COLLECTED DATA =
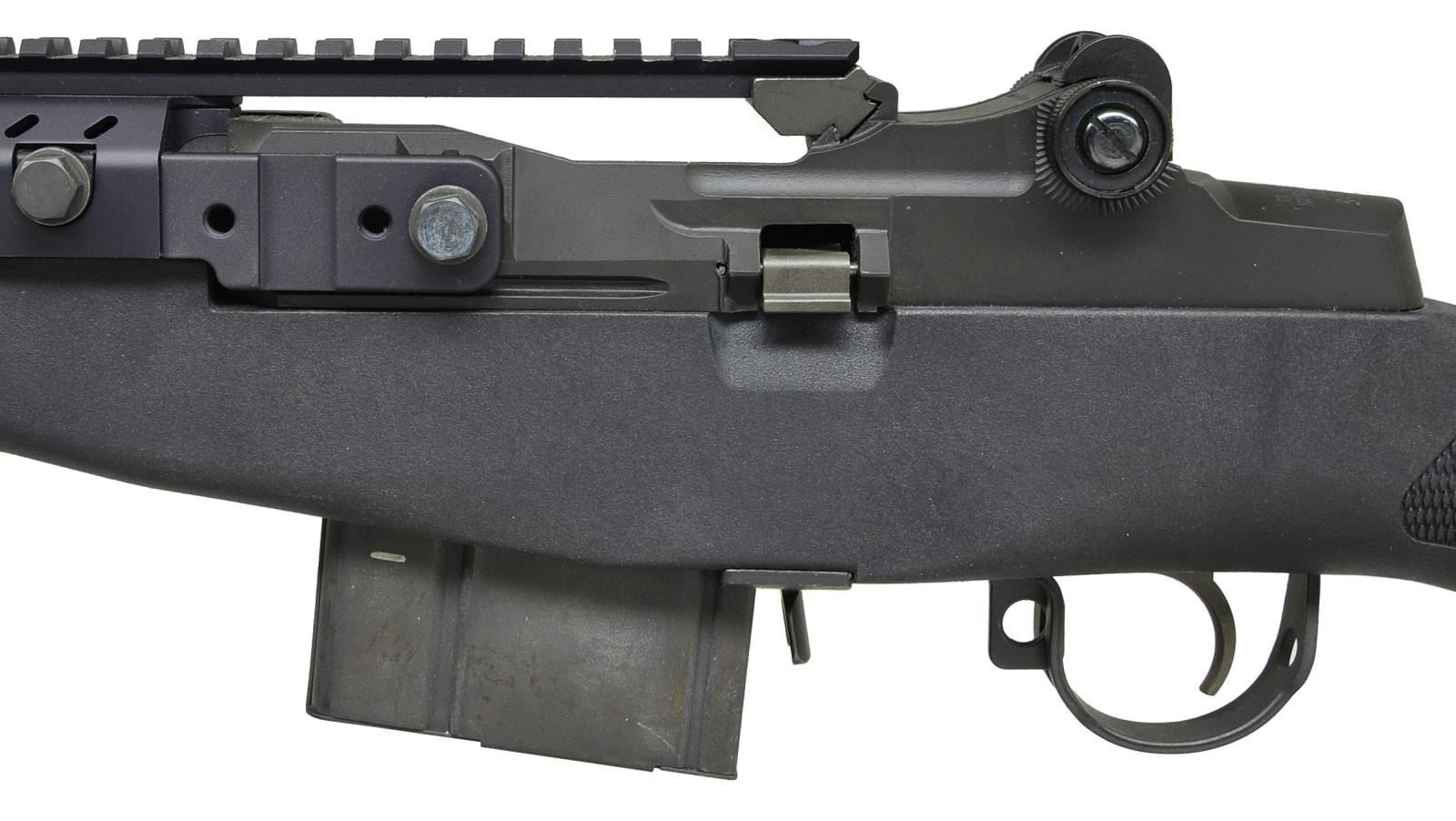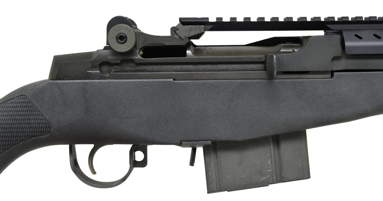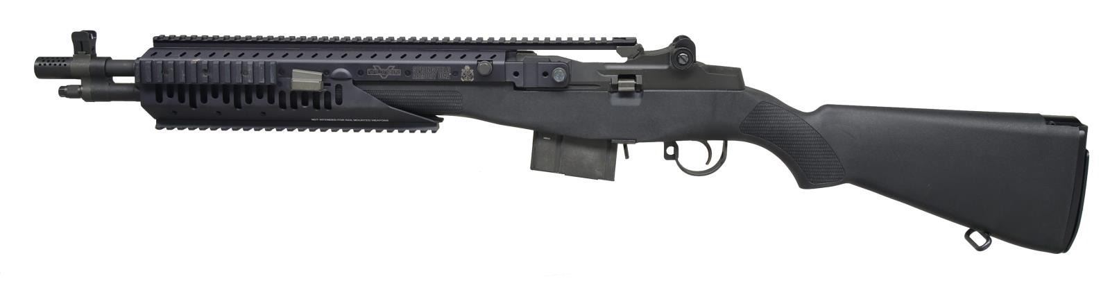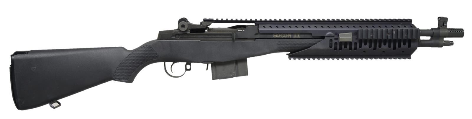 RAIL. Cal. 308 Win. S# 308716. Bbl. 18" over brake. The SOCOM II is perhaps the best of both worlds between an accurate lg. caliber & a short convenient weapon platform. The M1A has always been highly touted for its abilities & the VLTOR SOCOM series stock system provides enormous amount of rail space for the addition of modern accessories. With rails at 12, 3, 6 & 9 o’clock, the top rail spans over 17" alone. Protected blade front sight w/ insert w/ more than a 20" radius from the windage & elevation adj. rear peep sight. Heavy synthetic trapdoor stock w/ buttplate/shoulder rest. Matte black parkerized finish on all exposed metal surfaces. MAGS: 1-5 rd. CONDITION: all outward appearances indicate very low usage if any. Neither stock, chassis, nor action exhibit any wear typically associated w/ use. Bore is shiny w/ good rifling. Fire control mechanism functions correctly when cycled by hand. (21-707/JZ). MODERN. $1,200-1,800.
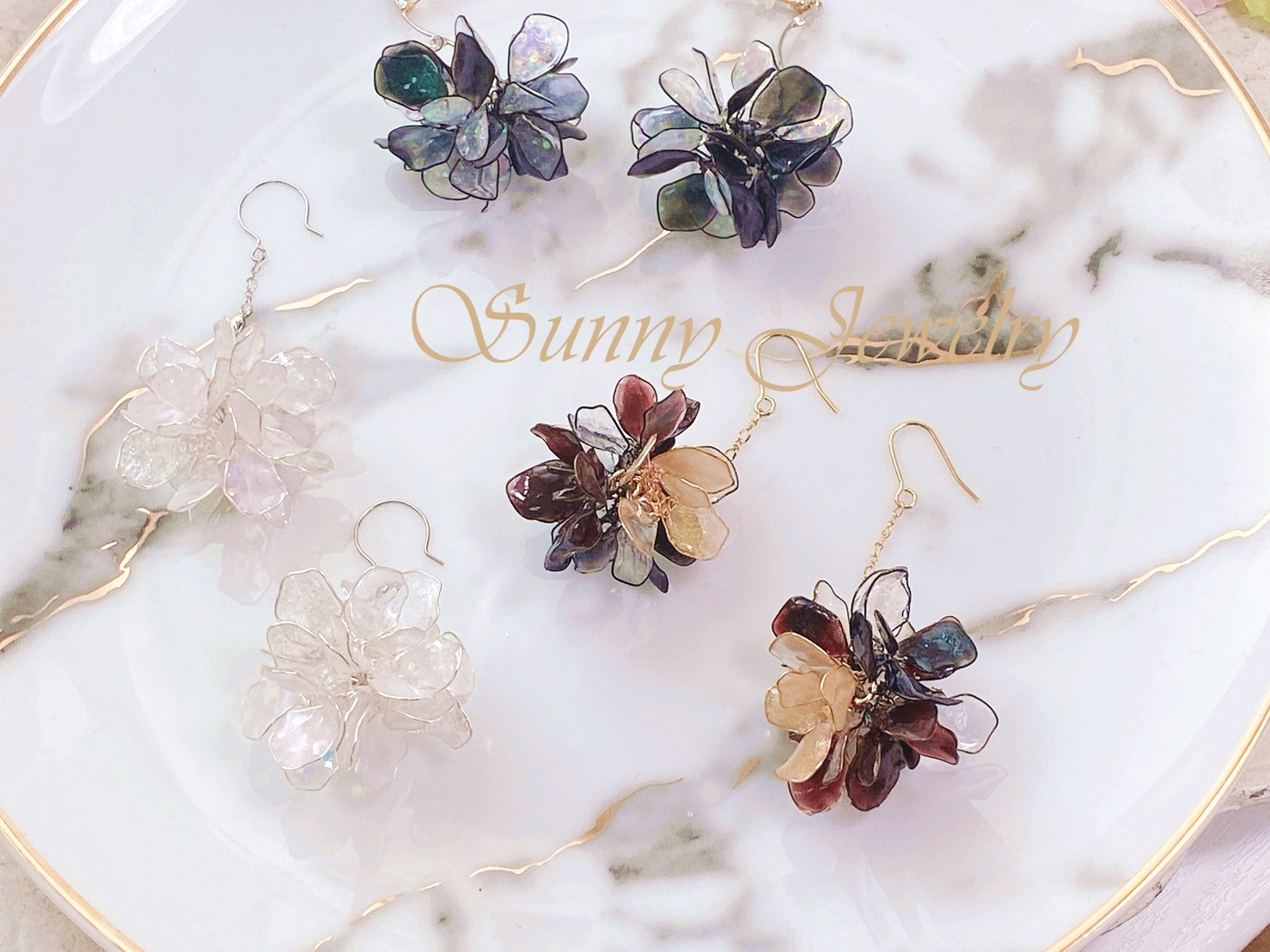 sunny jewelry by sunny uv樹脂花金屬編織櫻花耳環
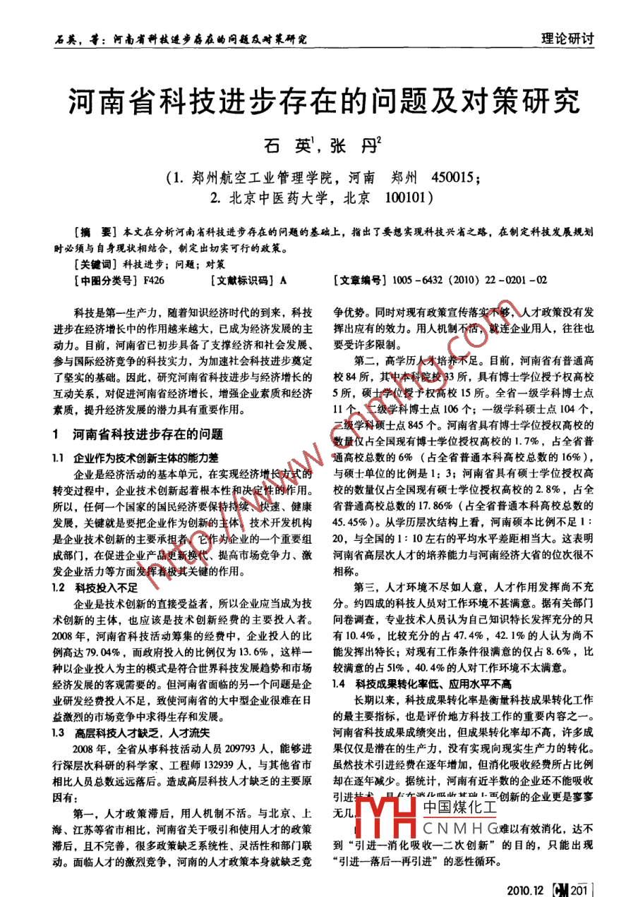 石美,等:河南省科技進步存在的問題及對策研究理論研討河南省科技進步存在的問題及對策研究石英,張丹(1.鄭州航空工業(yè)管理學院,河南鄭州450015;2.北京中醫(yī)藥大學,北京100101)[摘要]本文在分析河南省科技進步存在的問題的基礎上,指出了要想實現(xiàn)科技興省之路,在制定科技發(fā)展規(guī)劃時必須與自身現(xiàn)狀相結合,制定出切實可行的政策。[關鍵詞]科技進步;問題;對策[中圖分類號] F426[文獻標識碼] A[文章編號] 1005 -6432 (2010) 22 -0201 -02科技是第一-生產力,隨著知識經濟時代的到來,科技爭優(yōu)勢。同時對現(xiàn)有政策宣傳落實不夠,人才政策沒有發(fā)進步在經濟增長中的作用越來越大,已成為經濟發(fā)展的主揮出應有的效力。用人機制不活,就連企業(yè)用人,往往也動力。目前,河南省已初步具備了支撐經濟和社會發(fā)展、要受許多限制。參與國際經濟競爭的科技實力,為加速社會科技進步奠定第二,高學歷人才培養(yǎng)不足。目前,河南省有普通高了堅實的基礎。因此,研究河南省科技進步與經濟增長的校84所,其中本科院校33所,具有博士學位授予權高?;雨P系,對促進河南省經濟增長,增強企業(yè)素質和經濟5所,碩士學位授予權高校15所。全省- -級學科博士點素質,提升經濟發(fā)展的潛力具有重要作用。11個,二級學科博士點106個;一級學科碩士點104個,二級學科碩士點845個。河南省具有博士學位授權高校的1河南省科技進步存在的問題數(shù)量僅占全國現(xiàn)有博士學位授權高校的1.7%,占全省普1.1 企業(yè)作為技術創(chuàng)新主體的能力差通高校總數(shù)的6% (占全省普通本科高??倲?shù)的16%),企業(yè)是經濟活動的基本單元,在實現(xiàn)經濟增長方式的與碩士單位的比例是1: 3;河南省具有碩士學位授權高轉變過程中,企業(yè)技術創(chuàng)新起著根本性和決定性的作用。校的數(shù)量僅占全國現(xiàn)有碩士學位授權高校的2.8%,占全所以,任何一個國家的國民經濟要保持持續(xù)、快速、健康省普通高??倲?shù)的17. 86% (占全省普通本科高校總數(shù)的發(fā)展,關鍵就是要把企業(yè)作為創(chuàng)新的主體。技術開發(fā)機構45. 45%)。從學歷層次結構上看,河南碩本比例不足1:是企業(yè)技術創(chuàng)新的主要承擔者,它作為企業(yè)的- -個重要組20,與全國的1: 10 左右的平均水平差距相當大。這表明成部門,在促進企業(yè)產品更新?lián)Q代、提高市場競爭力、激河南省高層次人才的培養(yǎng)能力與河南經濟大省的位次很不發(fā)企業(yè)活力等方面發(fā)揮著極其關鍵的作用。相稱。1.2科技投入不足第三,人才環(huán)境不盡如人意,人才作用發(fā)揮尚不充企業(yè)是技術創(chuàng)新的直接受益者,所以企業(yè)應當成為技分。約四成的科技人員對工作環(huán)境不甚滿意。據(jù)有關部門術創(chuàng)新的主體,也應該是技術創(chuàng)新經費的主要投人者。問卷調查,專業(yè)技術人員認為自己知識特長發(fā)揮充分的只2008年,河南省科技活動籌集的經費中,企業(yè)投入的比有10.4%,比較充分的占47.4%, 42. 1%的人認為尚不例高達79. 04%,而政府投入的比例僅為13.6%,這樣- -能發(fā)揮出特長;對現(xiàn)有工作條件很滿意的僅占8.6%,比種以企業(yè)投人為主的模式是符合世界科技發(fā)展趨勢和市場較滿意的占5|% , 40. 4%的人對T作環(huán)境不太滿意。經濟發(fā)展的客觀需要的。但河南省面臨的另-一個問題是企1.4 科技成果轉化率低、應用水平不高業(yè)研發(fā)經費投人不足,致使河南省的大中型企業(yè)很難在日長期以來,科技成果轉化率是衡量科技成果轉化工作益激烈的市場競爭中求得生存和發(fā)展。的最主要指標,也是評價地方科技工作的重要內容之- -。1.3高層科技人才缺乏, 人才流失河南省科技成果成績突出,但成果轉化率卻不高,許多成2008年,全省從事科技活動人員209793人,能夠進果僅僅是潛在的生產力,沒有實現(xiàn)向現(xiàn)實生產力的轉化。行深層次科研的科學家、工程師132939 人,與其他省市雖然技術引進經費在逐年增加,但消化吸收經費所占比例相比人員總數(shù)遠遠落后。造成高層科技人才缺乏的主要原卻在逐年減少。據(jù)統(tǒng)計,河南有近半數(shù)的企業(yè)還不能吸收因有:手創(chuàng)新的企業(yè)更是寥寥中國煤化工第一,人才政策滯后,用人機制不活。與北京、上無幾海、江蘇等省市相比,河南省關于吸引和使用人才的政策YHCN M H G難以有效消化,達不滯后,且不完善,很多政策缺乏系統(tǒng)性、靈活性和部門聯(lián)到“引進一-消化吸收-二次創(chuàng)新”的目的,只能出現(xiàn)動。面臨人才的激烈競爭,河南的人才政策本身就缺乏競“引進- 落后一再引進"的惡性循環(huán)。2010.12 [M201]理論研討中國市場2010年第48期 (總第607期)2.4營造良好的科技環(huán)境和條件2對策科研體制的改革要適應以下“三個轉變”:“ 創(chuàng)新主2.1拓寬科技投入渠道, 建立多元化的科技投入體系體多元化”一實現(xiàn)創(chuàng)新主體由單 - -科研部門向多元化財政科研投人要爭取達到國家有關規(guī)定。政府要選擇轉變,尤其要突出企業(yè)這一市場主體的核心作用;“創(chuàng)新一批關系河南省經濟結構調整的重大科技攻關項目實行財過程集成化" -實現(xiàn)創(chuàng)新過程 由發(fā)明研究的“ 線型模政重點扶持。改變政府資金

WHAT YOU NEED TO DO = Leave out the pictures and retype every line above exactly.

ANSWER SECTION =
 RAIL. Cal. 308 Win. S# 308716. Bbl. 18" over brake. The SOCOM II is perhaps the best of both worlds between an accurate lg. caliber & a short convenient weapon platform. The M1A has always been highly touted for its abilities & the VLTOR SOCOM series stock system provides enormous amount of rail space for the addition of modern accessories. With rails at 12, 3, 6 & 9 o’clock, the top rail spans over 17" alone. Protected blade front sight w/ insert w/ more than a 20" radius from the windage & elevation adj. rear peep sight. Heavy synthetic trapdoor stock w/ buttplate/shoulder rest. Matte black parkerized finish on all exposed metal surfaces. MAGS: 1-5 rd. CONDITION: all outward appearances indicate very low usage if any. Neither stock, chassis, nor action exhibit any wear typically associated w/ use. Bore is shiny w/ good rifling. Fire control mechanism functions correctly when cycled by hand. (21-707/JZ). MODERN. $1,200-1,800.
 sunny jewelry by sunny uv樹脂花金屬編織櫻花耳環
 石美,等:河南省科技進步存在的問題及對策研究理論研討河南省科技進步存在的問題及對策研究石英,張丹(1.鄭州航空工業(yè)管理學院,河南鄭州450015;2.北京中醫(yī)藥大學,北京100101)[摘要]本文在分析河南省科技進步存在的問題的基礎上,指出了要想實現(xiàn)科技興省之路,在制定科技發(fā)展規(guī)劃時必須與自身現(xiàn)狀相結合,制定出切實可行的政策。[關鍵詞]科技進步;問題;對策[中圖分類號] F426[文獻標識碼] A[文章編號] 1005 -6432 (2010) 22 -0201 -02科技是第一-生產力,隨著知識經濟時代的到來,科技爭優(yōu)勢。同時對現(xiàn)有政策宣傳落實不夠,人才政策沒有發(fā)進步在經濟增長中的作用越來越大,已成為經濟發(fā)展的主揮出應有的效力。用人機制不活,就連企業(yè)用人,往往也動力。目前,河南省已初步具備了支撐經濟和社會發(fā)展、要受許多限制。參與國際經濟競爭的科技實力,為加速社會科技進步奠定第二,高學歷人才培養(yǎng)不足。目前,河南省有普通高了堅實的基礎。因此,研究河南省科技進步與經濟增長的校84所,其中本科院校33所,具有博士學位授予權高?;雨P系,對促進河南省經濟增長,增強企業(yè)素質和經濟5所,碩士學位授予權高校15所。全省- -級學科博士點素質,提升經濟發(fā)展的潛力具有重要作用。11個,二級學科博士點106個;一級學科碩士點104個,二級學科碩士點845個。河南省具有博士學位授權高校的1河南省科技進步存在的問題數(shù)量僅占全國現(xiàn)有博士學位授權高校的1.7%,占全省普1.1 企業(yè)作為技術創(chuàng)新主體的能力差通高校總數(shù)的6% (占全省普通本科高??倲?shù)的16%),企業(yè)是經濟活動的基本單元,在實現(xiàn)經濟增長方式的與碩士單位的比例是1: 3;河南省具有碩士學位授權高轉變過程中,企業(yè)技術創(chuàng)新起著根本性和決定性的作用。校的數(shù)量僅占全國現(xiàn)有碩士學位授權高校的2.8%,占全所以,任何一個國家的國民經濟要保持持續(xù)、快速、健康省普通高??倲?shù)的17. 86% (占全省普通本科高校總數(shù)的發(fā)展,關鍵就是要把企業(yè)作為創(chuàng)新的主體。技術開發(fā)機構45. 45%)。從學歷層次結構上看,河南碩本比例不足1:是企業(yè)技術創(chuàng)新的主要承擔者,它作為企業(yè)的- -個重要組20,與全國的1: 10 左右的平均水平差距相當大。這表明成部門,在促進企業(yè)產品更新?lián)Q代、提高市場競爭力、激河南省高層次人才的培養(yǎng)能力與河南經濟大省的位次很不發(fā)企業(yè)活力等方面發(fā)揮著極其關鍵的作用。相稱。1.2科技投入不足第三,人才環(huán)境不盡如人意,人才作用發(fā)揮尚不充企業(yè)是技術創(chuàng)新的直接受益者,所以企業(yè)應當成為技分。約四成的科技人員對工作環(huán)境不甚滿意。據(jù)有關部門術創(chuàng)新的主體,也應該是技術創(chuàng)新經費的主要投人者。問卷調查,專業(yè)技術人員認為自己知識特長發(fā)揮充分的只2008年,河南省科技活動籌集的經費中,企業(yè)投入的比有10.4%,比較充分的占47.4%, 42. 1%的人認為尚不例高達79. 04%,而政府投入的比例僅為13.6%,這樣- -能發(fā)揮出特長;對現(xiàn)有工作條件很滿意的僅占8.6%,比種以企業(yè)投人為主的模式是符合世界科技發(fā)展趨勢和市場較滿意的占5|% , 40. 4%的人對T作環(huán)境不太滿意。經濟發(fā)展的客觀需要的。但河南省面臨的另-一個問題是企1.4 科技成果轉化率低、應用水平不高業(yè)研發(fā)經費投人不足,致使河南省的大中型企業(yè)很難在日長期以來,科技成果轉化率是衡量科技成果轉化工作益激烈的市場競爭中求得生存和發(fā)展。的最主要指標,也是評價地方科技工作的重要內容之- -。1.3高層科技人才缺乏, 人才流失河南省科技成果成績突出,但成果轉化率卻不高,許多成2008年,全省從事科技活動人員209793人,能夠進果僅僅是潛在的生產力,沒有實現(xiàn)向現(xiàn)實生產力的轉化。行深層次科研的科學家、工程師132939 人,與其他省市雖然技術引進經費在逐年增加,但消化吸收經費所占比例相比人員總數(shù)遠遠落后。造成高層科技人才缺乏的主要原卻在逐年減少。據(jù)統(tǒng)計,河南有近半數(shù)的企業(yè)還不能吸收因有:手創(chuàng)新的企業(yè)更是寥寥中國煤化工第一,人才政策滯后,用人機制不活。與北京、上無幾海、江蘇等省市相比,河南省關于吸引和使用人才的政策YHCN M H G難以有效消化,達不滯后,且不完善,很多政策缺乏系統(tǒng)性、靈活性和部門聯(lián)到“引進一-消化吸收-二次創(chuàng)新”的目的,只能出現(xiàn)動。面臨人才的激烈競爭,河南的人才政策本身就缺乏競“引進- 落后一再引進"的惡性循環(huán)。2010.12 [M201]理論研討中國市場2010年第48期 (總第607期)2.4營造良好的科技環(huán)境和條件2對策科研體制的改革要適應以下“三個轉變”:“ 創(chuàng)新主2.1拓寬科技投入渠道, 建立多元化的科技投入體系體多元化”一實現(xiàn)創(chuàng)新主體由單 - -科研部門向多元化財政科研投人要爭取達到國家有關規(guī)定。政府要選擇轉變,尤其要突出企業(yè)這一市場主體的核心作用;“創(chuàng)新一批關系河南省經濟結構調整的重大科技攻關項目實行財過程集成化" -實現(xiàn)創(chuàng)新過程 由發(fā)明研究的“ 線型模政重點扶持。改變政府資金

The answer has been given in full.